Y-chromosome “Adam” was not necessarily human

phylogeny2

Metaphors in science play an important role in communicating results from one field to scientists in other fields and to the general public. In some cases, however, metaphors are so successful and so appealing that they actually obscure rather than enlighten.

In human population genetics, it is a simple fact that all of the Y chromosomes present in the world today can be traced back to a single common ancestor–if you follow my paternal line (my father’s father’s father’s father, and so on) and your paternal line back far enough, eventually they will overlap. At some point, a population geneticist had the clever idea of calling this common ancestor “Adam”. This is a biblical allusion, of course, and it probably was good for a bit of amusement a couple of decades ago. But it’s time to retire this metaphor–not only because it confuses the public (see a nice series of posts by Melissa Wilson Sayres on this topic here) or scientists in other fields–but because it confuses even practicing human population geneticists!

I was reminded of this when reading over a paper by Eran Elhaik, Dan Graur, and colleagues critiquing work on the human Y chromosome phylogeny by Mendez et al. The basic question being debated is: when did the most recent common ancestor (MRCA) of all Y chromosomes exist? Mendez et al. claimed that this Y chromosome was present around 300,000 years ago, and Elhaik et al. claim they arrived at this number incorrectly.

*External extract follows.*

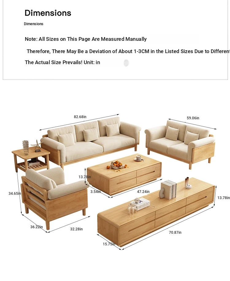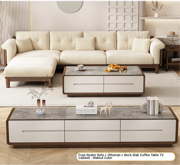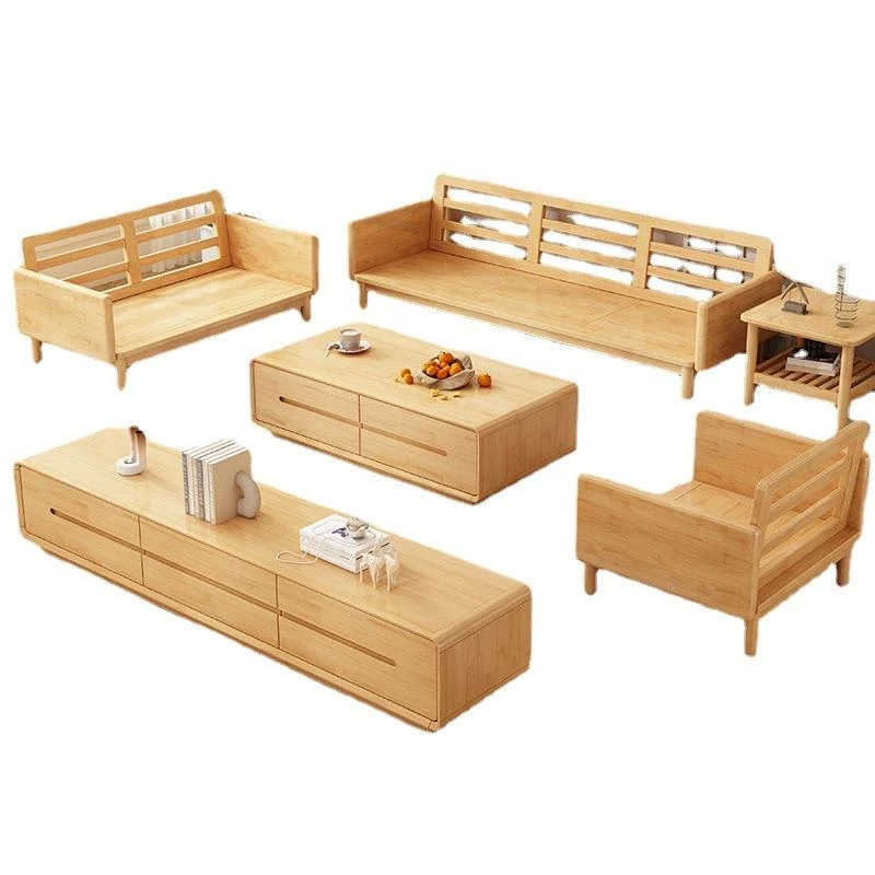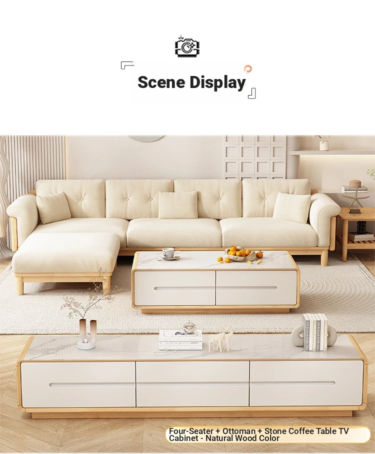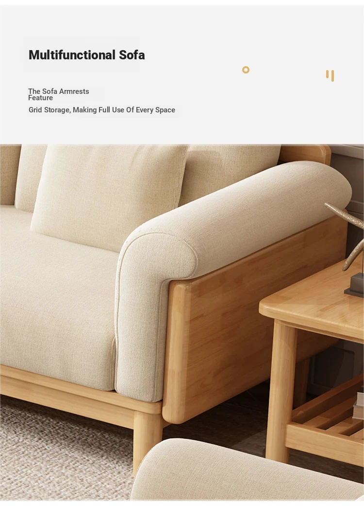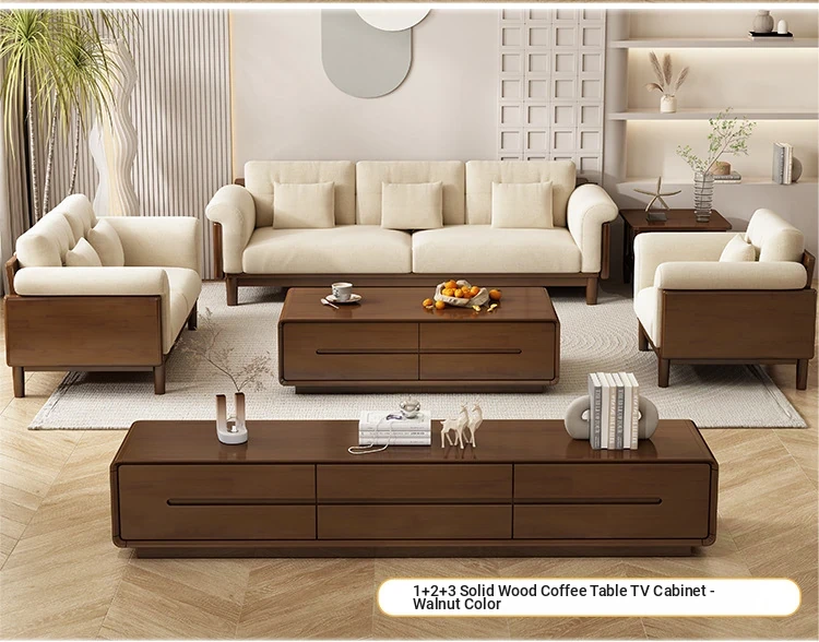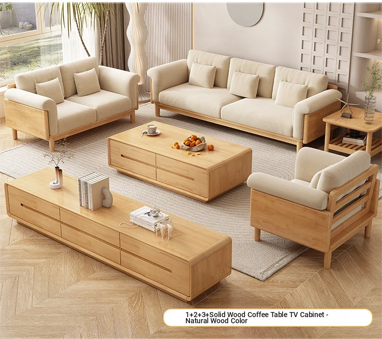 Nordic Solid Wood Sofa Set - Modern Minimalist Creamy Japanese Fabric Sofa for Small Living Rooms, Perfect Home Furniture Combination

The details of these papers are not relevant for this post. The key thing I want to point out is an underlying assumption, perhaps most clearly expressed by Elhaik et al., who write:

[Mendez et al.] estimated the time to the most recent common ancestor (TMRCA) for the Y tree to be 338,000 years ago (95% CI=237,000–581,000). Such an extraordinarily early estimate contradicts all previous estimates in the literature and is over a 100,000 years older than the earliest fossils of anatomically modern humans. This estimate raises two astonishing possibilities

The implicit assumption here (the reason Elhaik et al. find the numbers “extraordinarily early” and “astonishing”) is that the individual carrying the most recent common ancestor of all human Y chromosomes (AKA “Adam”) should be an anatomically modern human. Amusingly, Elhaik et al. argue that to claim otherwise is analogous to claiming you have a unicorn in your backyard. But there is simply no reason that “Adam” must be a human. At the top of this post I’ve put a figure showing a hypothetical Y-chromosome genealogy superimposed on a hypothetical human phylogeny. In this (of course hypothetical) example, “Adam” existed well before the diversification of modern humans; this type of scenario is perfectly compatible with basic population genetic theory. From the point of view of population genetics, there is absolutely no reason that the common ancestor of all human Y chromosomes must have existed in an individual that we would identify as “human”.

So why would anyone make this assumption? Note that Elhaik et al. made a YouTube video describing their results; this video leads with a bit of religious iconography. It seems plausible that by calling the most recent common ancestor of all Y chromosomes “Adam”, population geneticists have confused themselves into thinking that “he” must have been human.